** Opening Information provided block **

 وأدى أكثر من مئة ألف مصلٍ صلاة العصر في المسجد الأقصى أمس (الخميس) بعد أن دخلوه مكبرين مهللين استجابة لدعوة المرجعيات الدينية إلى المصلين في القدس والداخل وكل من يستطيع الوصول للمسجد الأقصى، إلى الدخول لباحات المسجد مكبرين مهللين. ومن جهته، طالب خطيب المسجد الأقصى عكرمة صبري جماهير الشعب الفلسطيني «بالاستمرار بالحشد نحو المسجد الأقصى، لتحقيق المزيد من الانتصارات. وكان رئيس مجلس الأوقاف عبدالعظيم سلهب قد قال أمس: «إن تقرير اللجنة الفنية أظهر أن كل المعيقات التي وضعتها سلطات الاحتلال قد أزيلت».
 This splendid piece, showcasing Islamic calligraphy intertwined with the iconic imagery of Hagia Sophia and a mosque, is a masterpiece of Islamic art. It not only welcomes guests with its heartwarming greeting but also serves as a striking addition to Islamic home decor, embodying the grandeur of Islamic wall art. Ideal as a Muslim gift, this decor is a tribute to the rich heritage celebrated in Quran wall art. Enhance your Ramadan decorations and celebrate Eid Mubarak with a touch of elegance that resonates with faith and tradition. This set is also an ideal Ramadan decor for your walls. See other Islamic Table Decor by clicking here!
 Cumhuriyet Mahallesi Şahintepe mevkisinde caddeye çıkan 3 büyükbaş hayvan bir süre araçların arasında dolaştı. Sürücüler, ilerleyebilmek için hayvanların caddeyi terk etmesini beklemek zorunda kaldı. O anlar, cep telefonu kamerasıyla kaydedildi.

** Closing Information provided block **
** Opening Information provided block **

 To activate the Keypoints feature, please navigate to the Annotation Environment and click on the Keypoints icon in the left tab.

** Closing Information provided block **

* Exercise brief:
Look back at the entries above and repeat, unchanged, every line from the line holding "وأدى أكثر من" through the line holding "This splendid piece, showcasing".

* Answer for the task:
 وأدى أكثر من مئة ألف مصلٍ صلاة العصر في المسجد الأقصى أمس (الخميس) بعد أن دخلوه مكبرين مهللين استجابة لدعوة المرجعيات الدينية إلى المصلين في القدس والداخل وكل من يستطيع الوصول للمسجد الأقصى، إلى الدخول لباحات المسجد مكبرين مهللين. ومن جهته، طالب خطيب المسجد الأقصى عكرمة صبري جماهير الشعب الفلسطيني «بالاستمرار بالحشد نحو المسجد الأقصى، لتحقيق المزيد من الانتصارات. وكان رئيس مجلس الأوقاف عبدالعظيم سلهب قد قال أمس: «إن تقرير اللجنة الفنية أظهر أن كل المعيقات التي وضعتها سلطات الاحتلال قد أزيلت».
 This splendid piece, showcasing Islamic calligraphy intertwined with the iconic imagery of Hagia Sophia and a mosque, is a masterpiece of Islamic art. It not only welcomes guests with its heartwarming greeting but also serves as a striking addition to Islamic home decor, embodying the grandeur of Islamic wall art. Ideal as a Muslim gift, this decor is a tribute to the rich heritage celebrated in Quran wall art. Enhance your Ramadan decorations and celebrate Eid Mubarak with a touch of elegance that resonates with faith and tradition. This set is also an ideal Ramadan decor for your walls. See other Islamic Table Decor by clicking here!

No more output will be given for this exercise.